For the second time this year, a book dealing with the application of the mathematical sciences to baseball has crossed my desk. The first was Teaching Statistics Using Baseball
, by Jim Albert, reviewed earlier in Read This!
. Now we have A Mathematician at the Ballpark
, by Ken Ross. This book emphasizes probability rather than statistics, conversational exposition rather than case studies, and gentle suggestions and open questions rather than homework exercises. Albert's book stays true to the mission of exploring baseball, using statistical techniques. He examines questions such as, "How certain should you be of stealing a base before you attempt it?" and "Is a sacrifice bunt worth the sacrifice?" While several of Ross's chapters have titles like, "Who's the Best Hitter?" and "Will the Yankess Win if Steinbrenner is Gone?" the questions often go unanswered. Instead, Ross's book is devoted to conveying concepts of probability, and goes beyond baseball to involve roulette, basketball, bowling, and medical studies to do so.
As an informal introduction to the concepts of probability which makes liberal (but not exclusive) use of baseball examples, this book has much to recommend it. Ross begins his book by examining some of the statistics put forth by statisticians as being more reflective of hitting performance than the standard batting average (AVG) and runs batted in (RBI), including informal discussion as to why the proferred statistics are more useful than the standard ones. An engaging discussion of the streakiness of hitters is given, involving both extremes (many short streaks versus fewer, longer ones) and DiMaggio's 56-game hitting streak. The concepts of expected value and odds are both introduced in the context of betting on baseball games. In fact, so much of the exposition centers on gambling (usually on baseball games) that the book might have been called A Mathematician Goes to the Sports Book in Vegas.
The time spent on betting on baseball rather than baseball itself is not necessarily a bad thing. Indeed, the greatest strength of the book is how Ross handles odds. In many introductory statistics texts and liberal arts mathematics books, the section on odds is a short addendum to the section introducing probability, in which the relationship Odds against A = a:b if and only if P(A loses} = a/(a + b}
is introduced. Students get some practice finding odds given a probability, finding a probability given the odds, and are introduced to a real-world example (usually horse racing) where odds are used rather than probability. And that's it. But Ross goes further, finding situations where presenting the odds makes things simpler than presenting the corresponding probabilities, such as describing your chances of doubling your betting budget before losing it, and shows how oddsmakers ensure a profit for the house when they don't know the true odds of a team winning a game. Ross even puts this information to use by developing and experimenting with a scheme to beat the oddsmakers. This makes the book a welcome addition to the toolbox of a probability instructor. As an exploration of the game of baseball using probability, though, the book falls short. Ross has not really explored the question, "What can mathematics teach us about baseball?"
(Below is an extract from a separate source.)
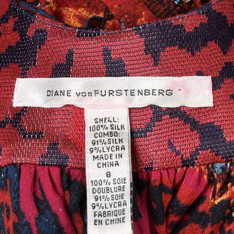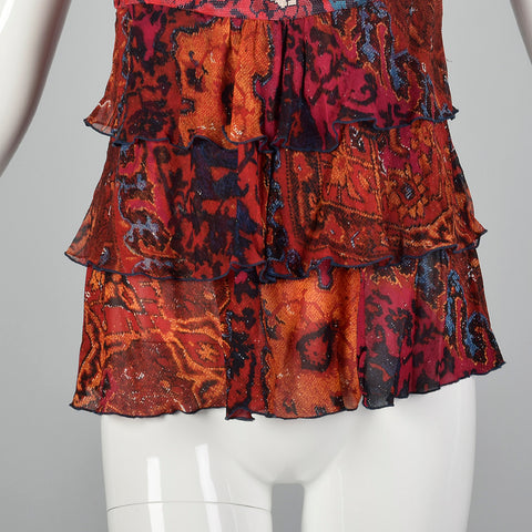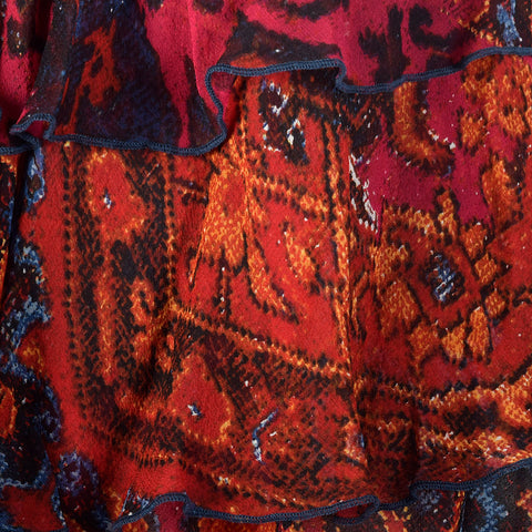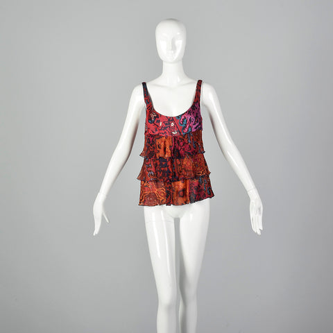This listing is for one shirt. Textile is silk. Silk swing top. Abstract red, blue, yellow, pink print. Empire waist with three rows of ruffles tha...
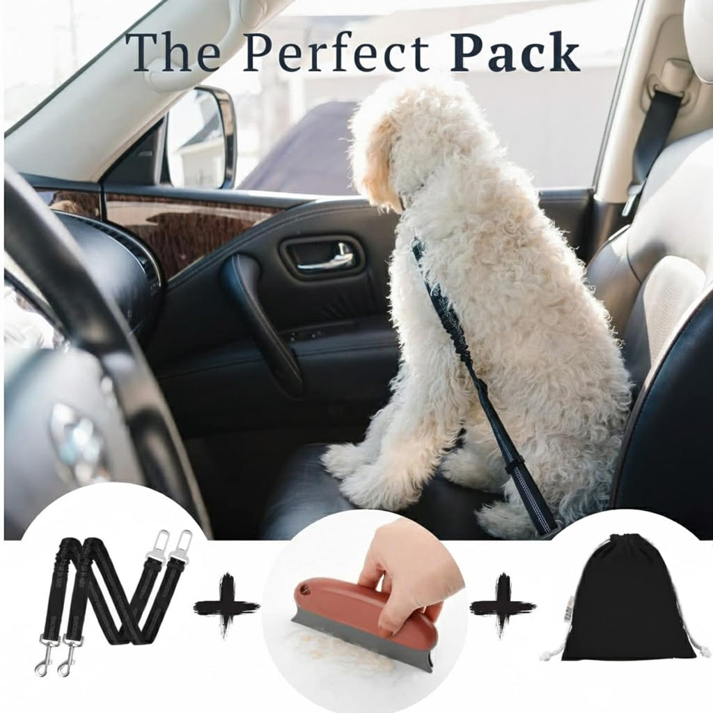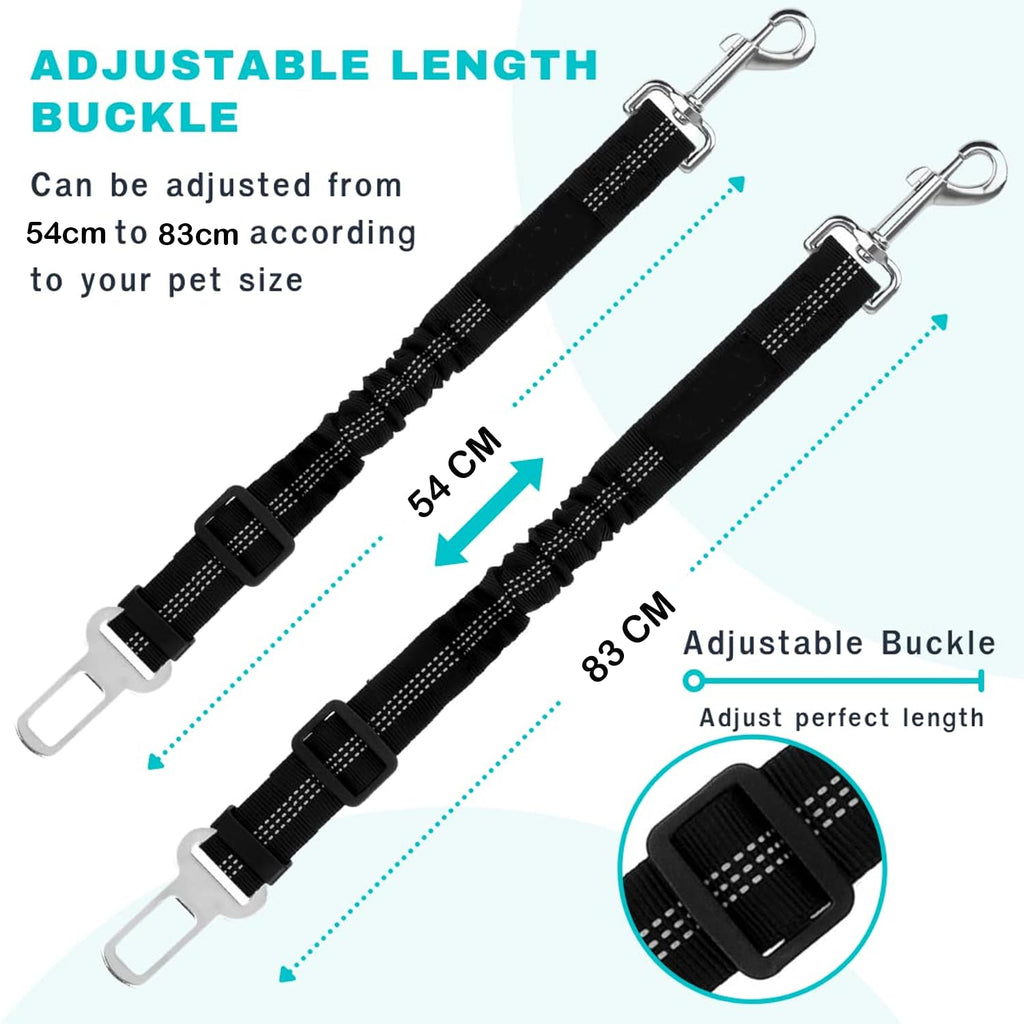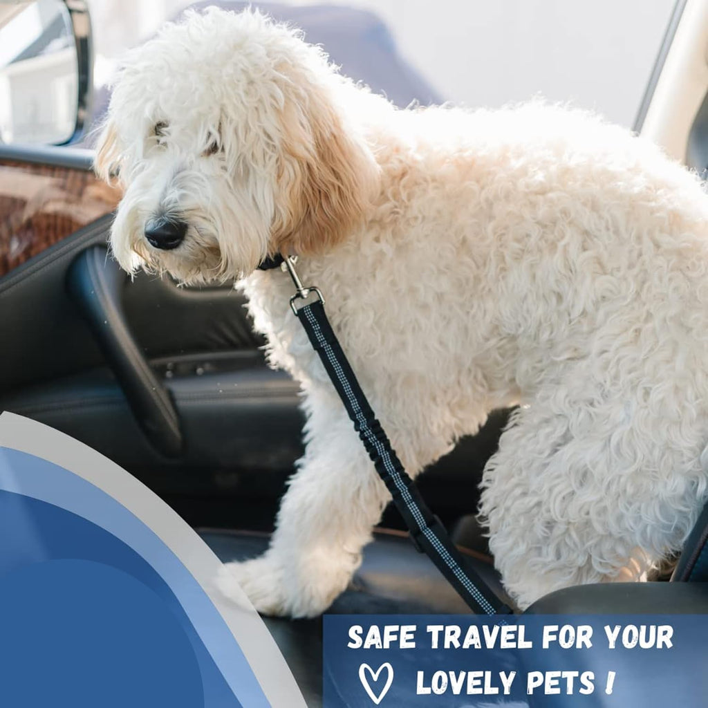 Designed to reduce distractions and prevent sudden movements, this adjustable dog car seat belt easily attaches to most vehicle seat belts and dog harnesses.

There has been a recent spike of interest in the application of rigorous mathematics to the study of baseball, primarily due to the Society of American Baseball Research (SABR), a group of sportswriters, statisticians, and just plain fans who set out to replace conventional wisdom, hunches and intuition with rigorous and verifiable mathematical analysis. (For further information, see http://www.sabr.org.) They, in turn, owe their existence to the availability of data sets on the web, and to statistical software packages capable of handling the data. Part of their appeal is that statistically savvy readers can verify results and explore questions on their own. Ross doesn't mention SABR until the appendices, where he gives brief summaries of several provocatively titled articles they have published. He does not mention the on-line availability of data sources, or take much advantage of them himself to explore common situations in baseball. For example, despite the abundance of situations in a baseball game that involve conditional probabilities (batting average given the pitcher is a leftie, probability a team wins the World Series if they've got home-field advantage), Ross uses a medical example for conditional probability because of the limitations on the accuracy of a baseball example. The emphasis on the concept overriddes its possible application to the game.
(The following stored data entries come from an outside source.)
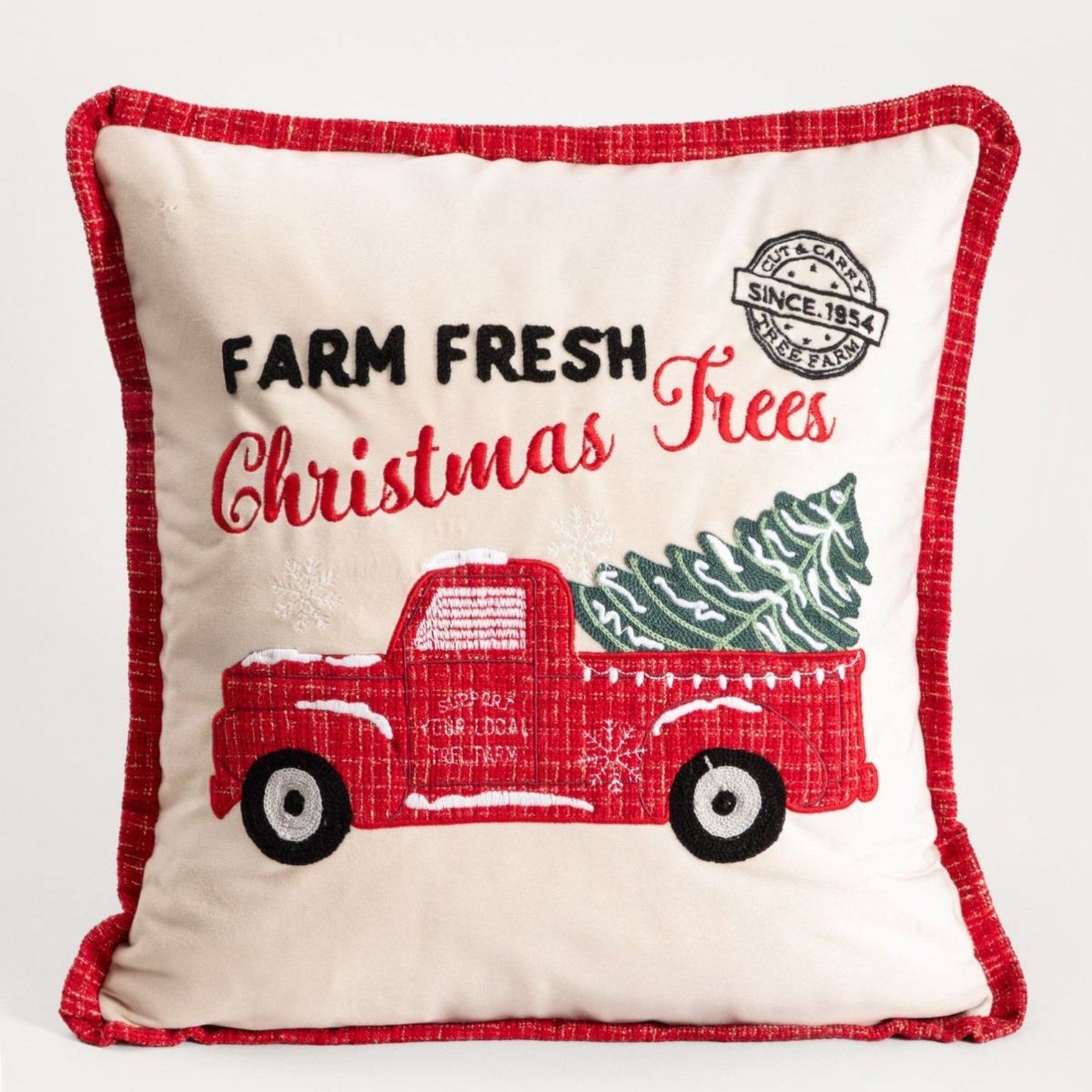 Прикрасьте свій будинок до свят, щоб ви поверталися туди з усмішкою на обличчі – наволочка з різдвяним візерунком «ФЕРМА» додасть тепла та елегантності будь-якому приміщенню. Червона вантажівка з ялинкою навіює спогади про прекрасні зимові подорожі. Вишиті деталі додають чарівності та створюють справжню різдвяну атмосферу.
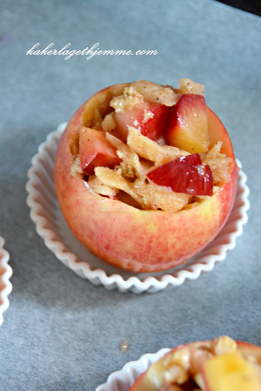 Plasser eplene i en ildfast form og fyll de med eple-plomme miks du har tilberedet tidligere… press forsiktig topper og så ha en skje med granola på toppen av hver eple.
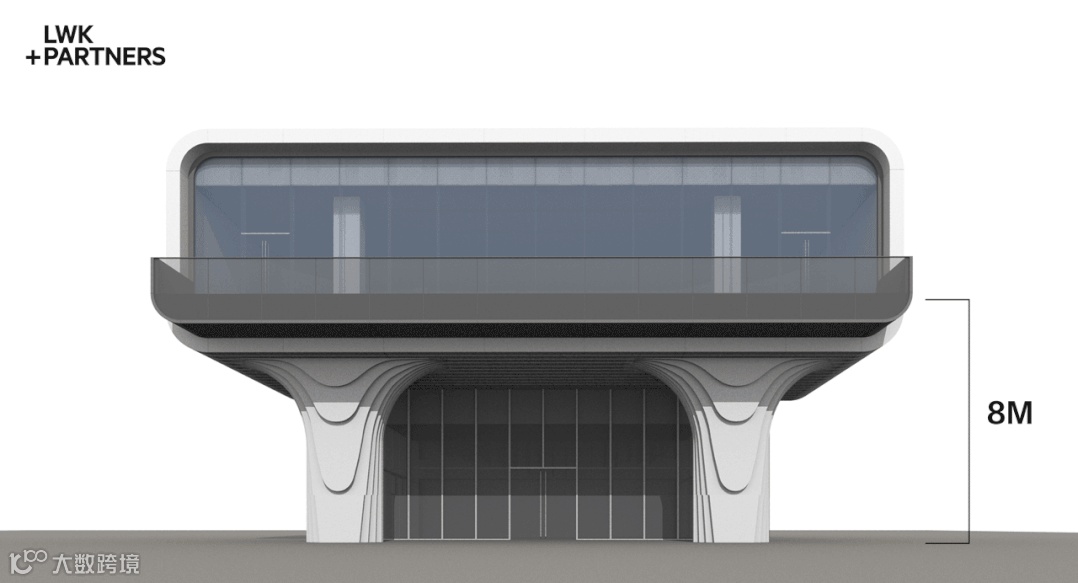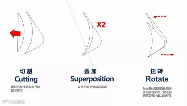 为了强调瞭望台这一概念,通过反梁等设计手段,视觉上大大的增加了顶层的体量,切割第二层,形成两侧露台。流线型立柱撑起的第三层成为建筑主体,强化了视觉感受。

But perhaps that's the point. This is, above all, a probability book, and the situations mentioned above are primarily statistical. All of the standard topics from introductory probability are here, from the probabilities of all possible outcomes summing to 1, to Simpson's paradox. Ross obviously loves baseball; anyone who claims to be a lifelong fan of the Eugene Emeralds isn't in it for the glory of a World Series victory. But it's his love for probability that comes through most strongly. A Mathematician at the Ballpark is a tidy package of interesting examples and engaging discussions, which, by and large, emphasize the mathematics, rather than shed new insight on the game.
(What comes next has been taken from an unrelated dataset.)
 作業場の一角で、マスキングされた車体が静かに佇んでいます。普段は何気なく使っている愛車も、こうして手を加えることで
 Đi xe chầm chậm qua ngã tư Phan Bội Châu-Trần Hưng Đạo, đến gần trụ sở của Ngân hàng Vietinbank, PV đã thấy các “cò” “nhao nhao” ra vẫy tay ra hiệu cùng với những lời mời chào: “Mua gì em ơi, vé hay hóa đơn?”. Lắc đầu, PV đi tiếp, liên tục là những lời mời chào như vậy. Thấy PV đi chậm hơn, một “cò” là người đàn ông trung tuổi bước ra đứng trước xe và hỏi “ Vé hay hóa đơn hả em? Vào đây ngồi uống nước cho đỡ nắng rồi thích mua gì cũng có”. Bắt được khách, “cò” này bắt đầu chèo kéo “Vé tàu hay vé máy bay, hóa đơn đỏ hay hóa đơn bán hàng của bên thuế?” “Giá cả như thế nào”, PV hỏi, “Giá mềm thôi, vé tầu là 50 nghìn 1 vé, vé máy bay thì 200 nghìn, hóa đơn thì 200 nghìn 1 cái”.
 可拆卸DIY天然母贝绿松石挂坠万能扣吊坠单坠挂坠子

Baseball fans (and others) looking for some help understanding concepts of probability through informal discussions and nonstandard examples need look no further than this book. Those looking for information on what the mathematical sciences can say about the national pastime would do well to consider Teaching Statistics using Baseball. Jim Albert has also written, with Jay Bennett, the book Curve Ball, which is aimed at a more general audience, and may be a good choice for someone interested in seeing different ways of using mathematics to analyze the game of baseball in a less structured manner.